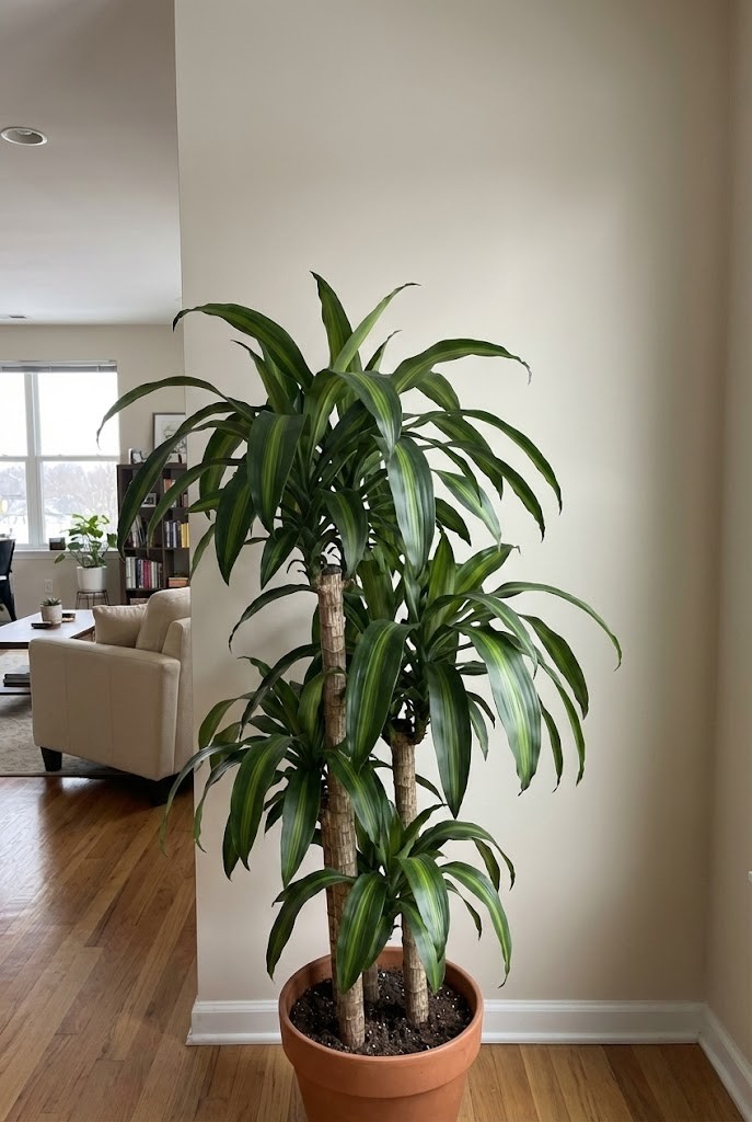 Corn plants bring classic, tree-like height into larger rooms. Their thick canes and arching leaves give them presence without requiring bright light.
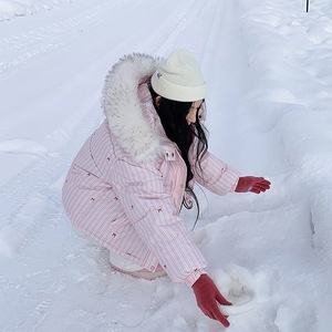 条纹印花加厚保暖棉服外套女2025春季新款韩系甜美毛毛翻领棉衣潮
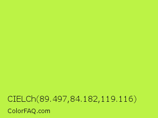 CIELCh 89.497,84.182,119.116 Color is a light lime color and the nearest color is Inchworm #b2ec5d. Hex code #bcf345 and RGB value is rgb(188,243,69). In RGB color space, this color is composed of 74% red, 95% green, 27% blue, In CMYK color space, this color is composed of 23% cyan, 0% magenta, 72% yellow , 5% black , In HSL color space, this color has a hue angle of 79° , 88% saturation and 61% lightness.
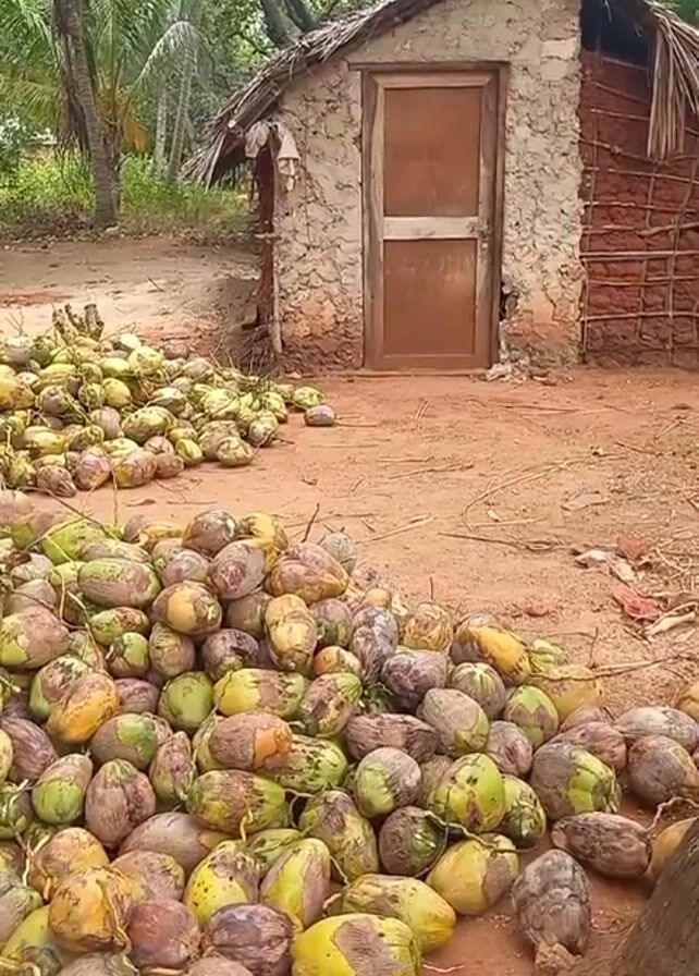 The video displays a rural scene. A small, possibly old, building sits with a weathered wooden door and walls composed of a mix of stone, brick, and clay. A thatched roof covers the building. In the foreground, a large pile of coconuts rests on the reddish-brown ground. Some are green, while others show hints of brown and yellow. Further into the background, additional coconuts are scattered across the ground. Trees and vegetation are visible in the distance, suggesting a tropical or semi-tropical environment.
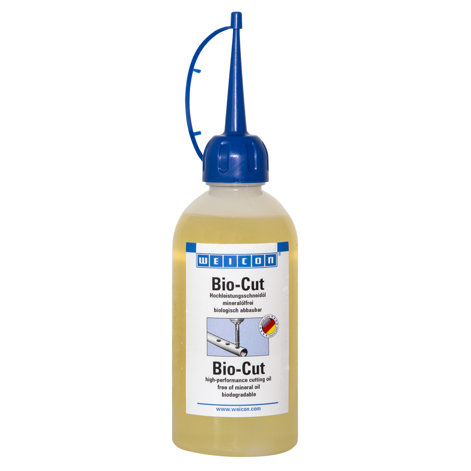 <br /><br />WEICON Bio-Cut ist mineralölfrei und biologisch abbaubar. Es ermöglicht durch seine besonders hohe Schmierwirkung größere Schnittgeschwindigkeiten, höhere Standzeiten und dadurch auch eine höhere Schneidleistung der Werkzeuge. WEICON Bio-Cut kann beim Bohren, Drehen, Fräsen, Reiben, Sägen, Stanzen und beim Gewindeschneiden aller Stahlsorten, Guss, Edelstähle, Kupfer, Messing, Aluminium und deren Legierungen in allen Bereichen der Industrie eingesetzt werden.
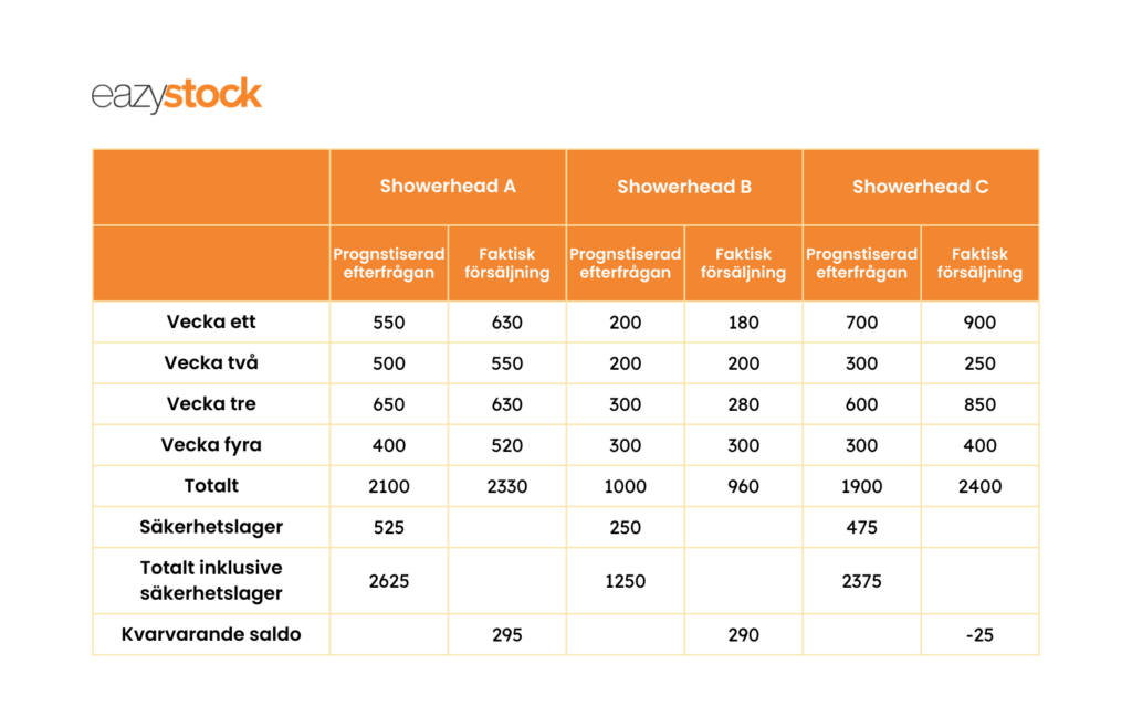 För artikeln Showerhead A är den faktiska försäljningen högre än den prognostiserade, men säkerhetslagret gör sitt jobb genom att tillhandahålla tillräckligt med lager för att täcka ökningen i efterfrågan med sina 295 artiklar i säkerhetslager kvar.
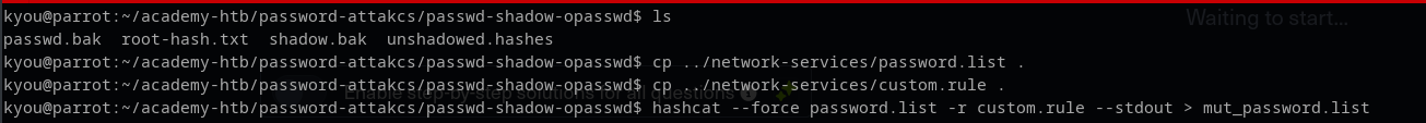 hashcat --force password.list -r custom.rule --stdout > mut_password.list
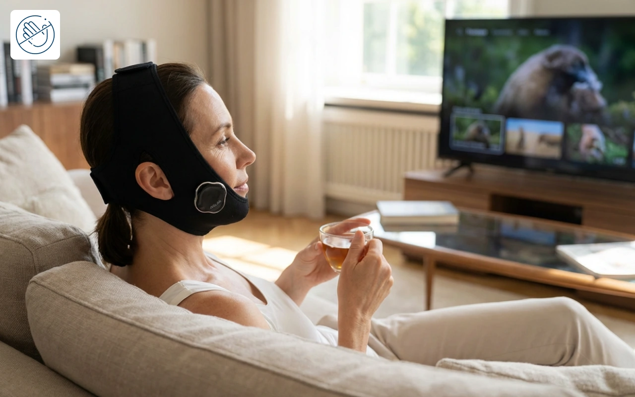 Ik gebruik het tijdens huiswerk maken en merk nauwelijks dat het er zit. Geweldige resultaten—mijn gezicht voelt strakker met minder verslapping.
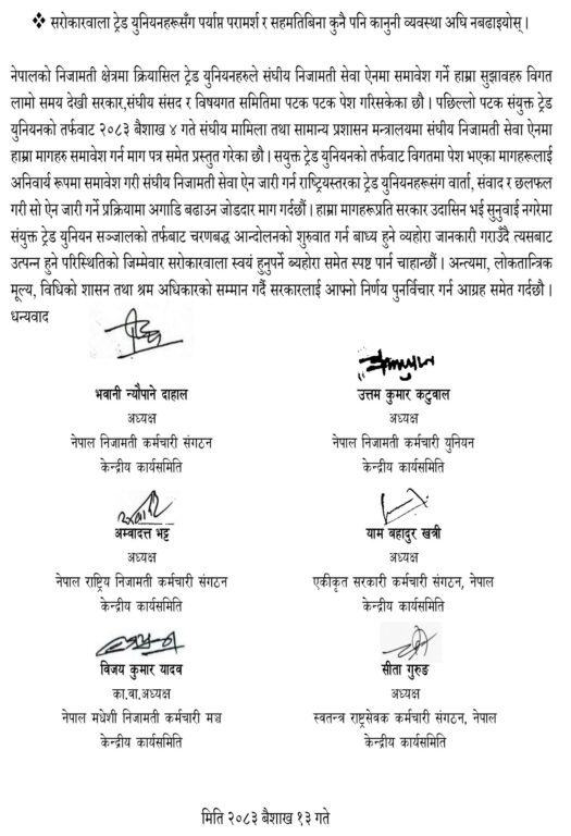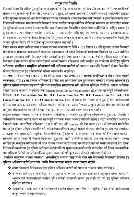 - ट्रेड युनियन अधिकार कटौतीको प्रस्तावविरुद्ध कडा आपत्ति
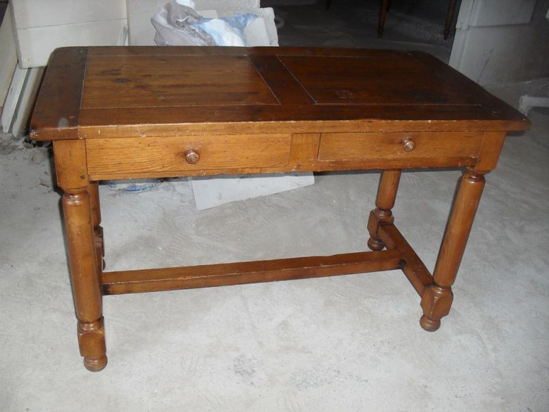 Un nouveau look très actuel pour ce magnifique bureau en châtaignier massif, customisé en blanc cassé usé ce bureau est redevenu tendance et s'harmonise maintenant parfaitement à la nouvelle déco intérieur.
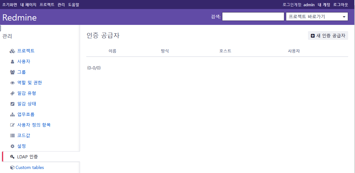 1. 관리 > LDAP 인증 > 새 인증 공급자 추가 클릭
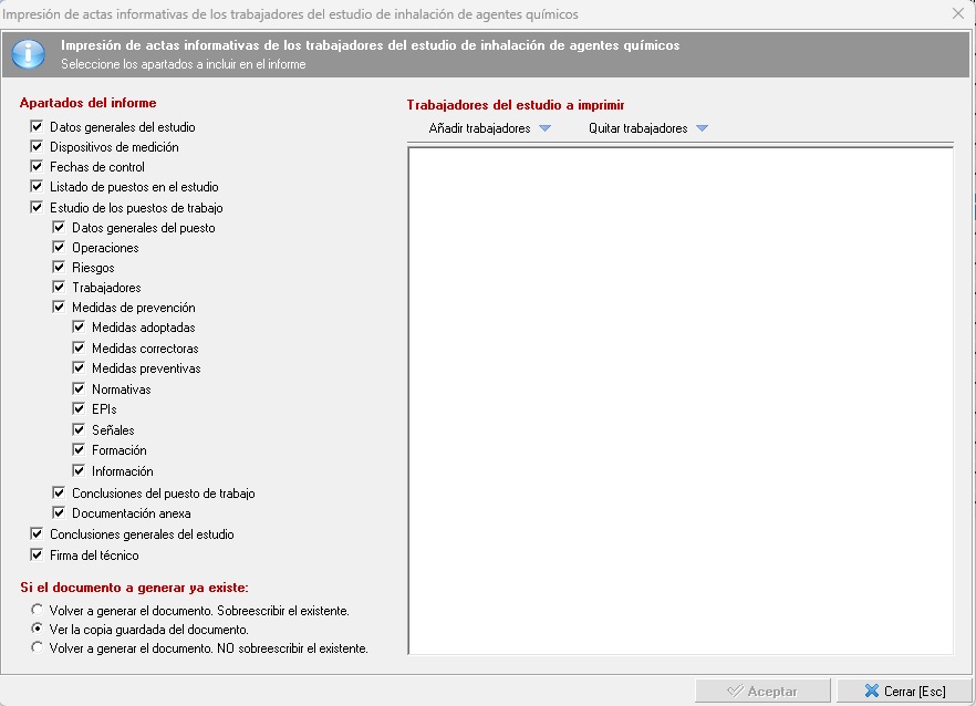 Esta opción es similar a la anterior, la diferencia es que en este caso el acta informativa que se genera es por trabajador, y podrá elegir los trabajadores para los que quiere imprimir el informe. Los trabajadores deberán estar incluidos en el estudio.
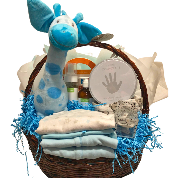 Welcome the newest little bundle of joy with this thoughtfully arranged gift, filled with cozy essentials and keepsakes for baby’s first moments. Designed for comfort and care, this set is a perfect way to celebrate a growing family.

### Work required:
Would you restate, exactly and with no pictures, the lines of the entries above from the one containing "Ik gebruik het" through the one containing "Esta opción es"?

### Expected answer:
 Ik gebruik het tijdens huiswerk maken en merk nauwelijks dat het er zit. Geweldige resultaten—mijn gezicht voelt strakker met minder verslapping.
 - ट्रेड युनियन अधिकार कटौतीको प्रस्तावविरुद्ध कडा आपत्ति
 Un nouveau look très actuel pour ce magnifique bureau en châtaignier massif, customisé en blanc cassé usé ce bureau est redevenu tendance et s'harmonise maintenant parfaitement à la nouvelle déco intérieur.
 1. 관리 > LDAP 인증 > 새 인증 공급자 추가 클릭
 Esta opción es similar a la anterior, la diferencia es que en este caso el acta informativa que se genera es por trabajador, y podrá elegir los trabajadores para los que quiere imprimir el informe. Los trabajadores deberán estar incluidos en el estudio.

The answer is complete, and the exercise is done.